- [Required work] Without copying any pictures, restate exactly the lines from the start of the records through the line containing "บุฟเฟ่ต์วันสงกรานต์ให้บริการในวันที่ 12 เมษายน".

**** Information given ****

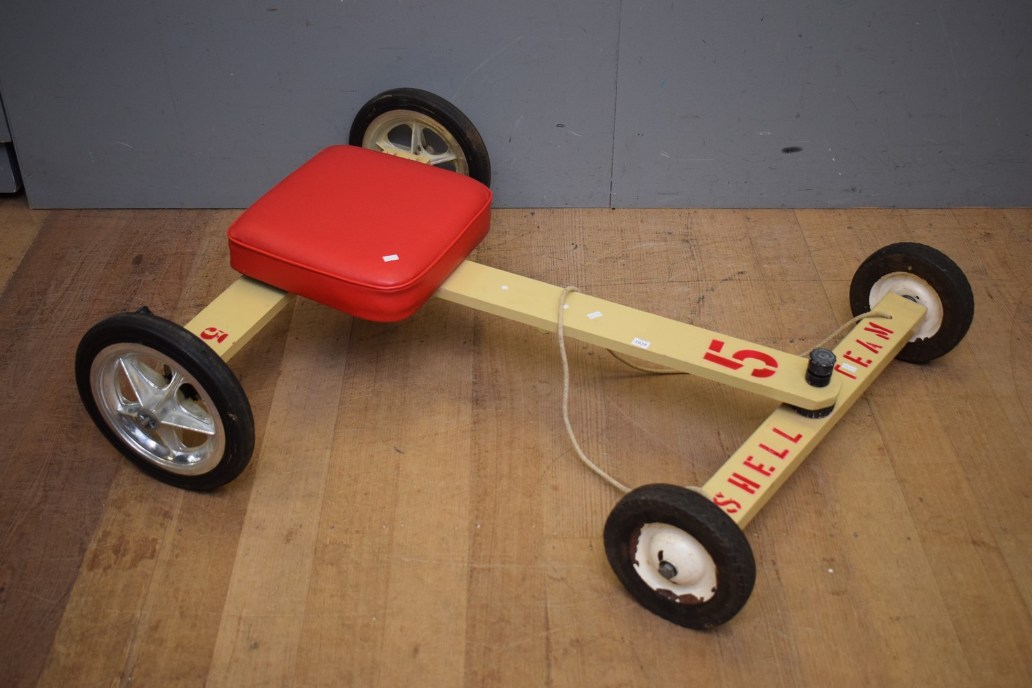 A VINTAGE 'SHELL TEAM' BILLY CART WITH MAG WHEELS (27H x 107W x 84D CM) (LEONARD JOEL DELIVERY SIZE: MEDIUM)
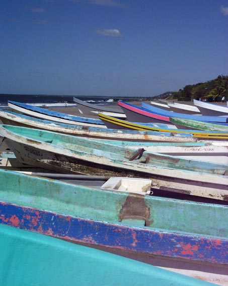 中米ニカラグア太平洋岸の海辺にて [2]/彩り豊かなボート
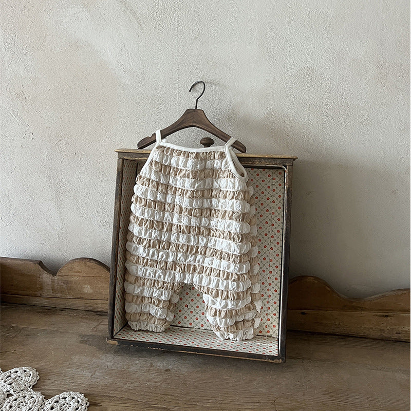Thin Pants Baby Tank Tops Puff Plaid Jumpsuit
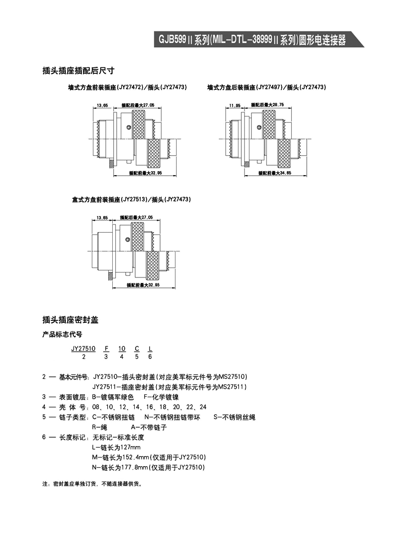 - GJB599I系列圓形航空插頭(MIL-DTL-3899)
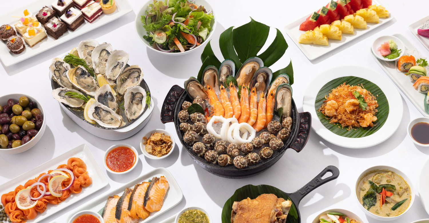 บุฟเฟ่ต์วันสงกรานต์ให้บริการในวันที่ 12 เมษายน 2568 ตั้งแต่เวลา 18.00 น. ถึง 22.30 น. และในวันที่ 13 เมษายน 2568 ตั้งแต่เวลา 12.00 น. ถึง 14.30 น. ราคาท่านละ 799++ บาท
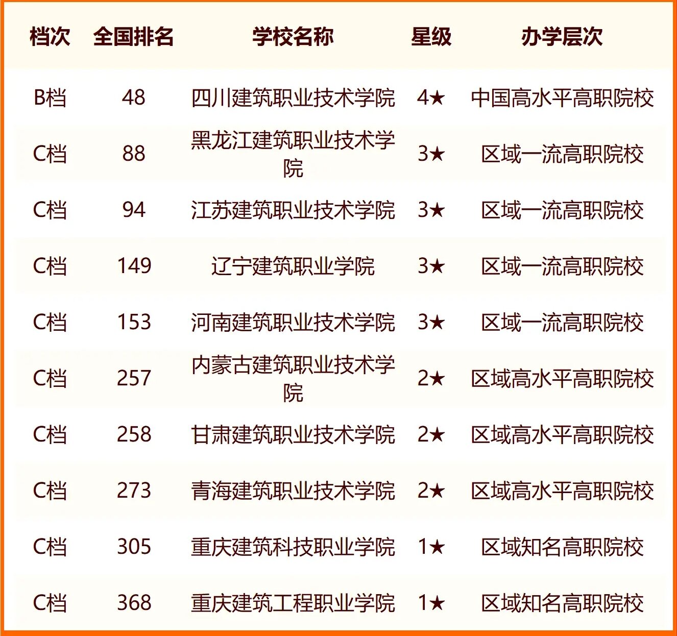 在2024中国建筑类高职院校最新排名中,四川建筑职业技术学院全国排名第48、黑龙江建筑职业技术学院全国排名第88、江苏建筑职业术学院全国排名第94、辽宁建筑职业学院全国排名第149。
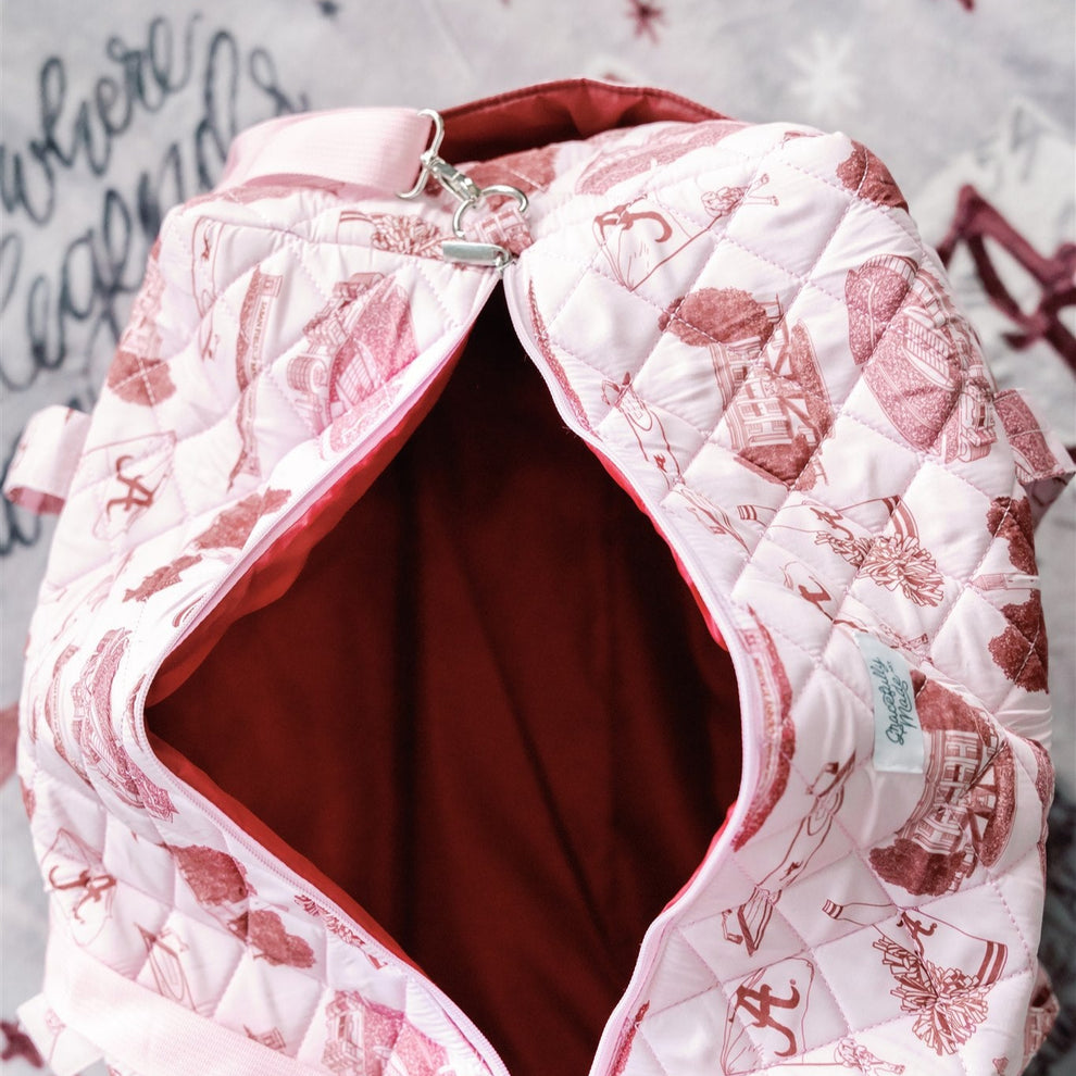Our quilted Alabama duffle is the perfect blend of practicality and school spirit. Featuring iconic Tuscaloosa landmarks and symbols in a charming, detailed print, this bag is a stylish way to show off your love for the university. Its spacious interior and durable quilted fabric make it ideal for travel, sports events, or everyday use, while the comfortable straps ensure easy carrying. Whether you’re heading to class or the game, this duffle brings a touch of Crimson Tide pride to your day. Dimensions: 22.0" w x 17.0" h x 11.5" d - Handles+ adjustable strap - Zipper closure - Crimson interior - Inside mesh pockets and 3 exterior pockets
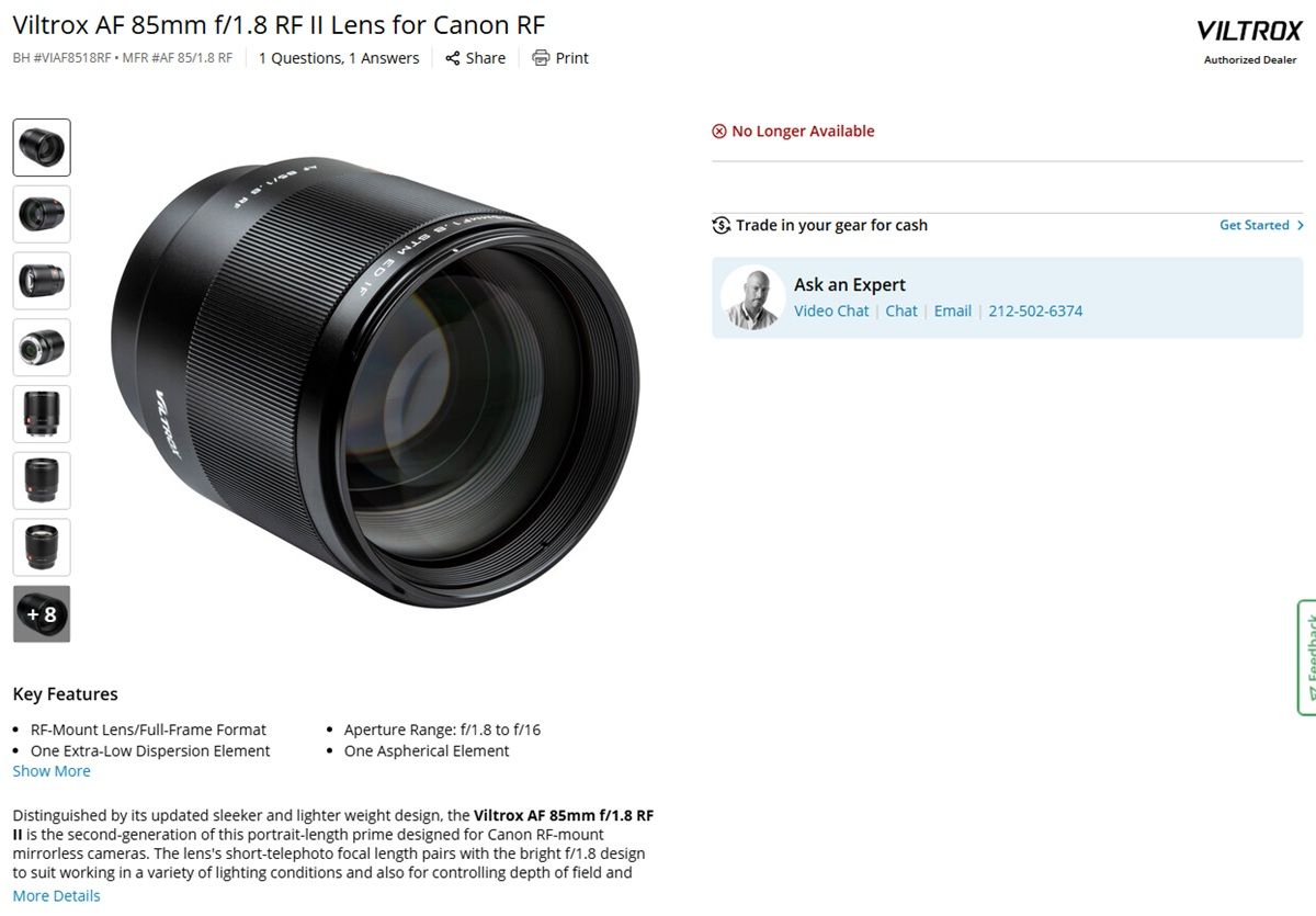 ▲唯卓仕曾推出過RF接環鏡頭,但據稱在Canon施壓下已全面停售
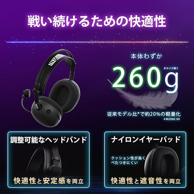 ソニー(SONY) ゲーミングヘッドセット INZONE H9 Ⅱブラック: WH-G910N:Fnatic共同開発 ワイヤレス/Bluetooth/ノイキャン搭載/立体音響/低遅延/長時間使用しても疲れづらい/ブームマイク付き/ブラック | emishop315
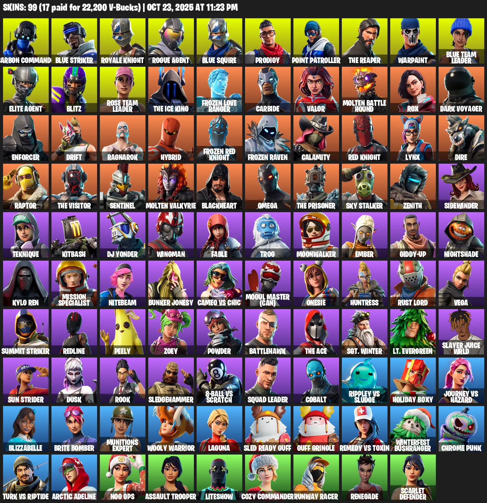 [PSN/XBOX/PC] 99 Skins | Carbon Commando | Blue Striker | Royale Knight | Rogue Agent | Blue Squire | Prodigy | Point Patroller | The Reaper | Warpaint | Blue Team Leader | Elite Agent | Blitz | Rose Team Leader | The Ice King | Frozen Love Ranger

****

- [Task solution]
 A VINTAGE 'SHELL TEAM' BILLY CART WITH MAG WHEELS (27H x 107W x 84D CM) (LEONARD JOEL DELIVERY SIZE: MEDIUM)
 中米ニカラグア太平洋岸の海辺にて [2]/彩り豊かなボート
Thin Pants Baby Tank Tops Puff Plaid Jumpsuit
 - GJB599I系列圓形航空插頭(MIL-DTL-3899)
 บุฟเฟ่ต์วันสงกรานต์ให้บริการในวันที่ 12 เมษายน 2568 ตั้งแต่เวลา 18.00 น. ถึง 22.30 น. และในวันที่ 13 เมษายน 2568 ตั้งแต่เวลา 12.00 น. ถึง 14.30 น. ราคาท่านละ 799++ บาท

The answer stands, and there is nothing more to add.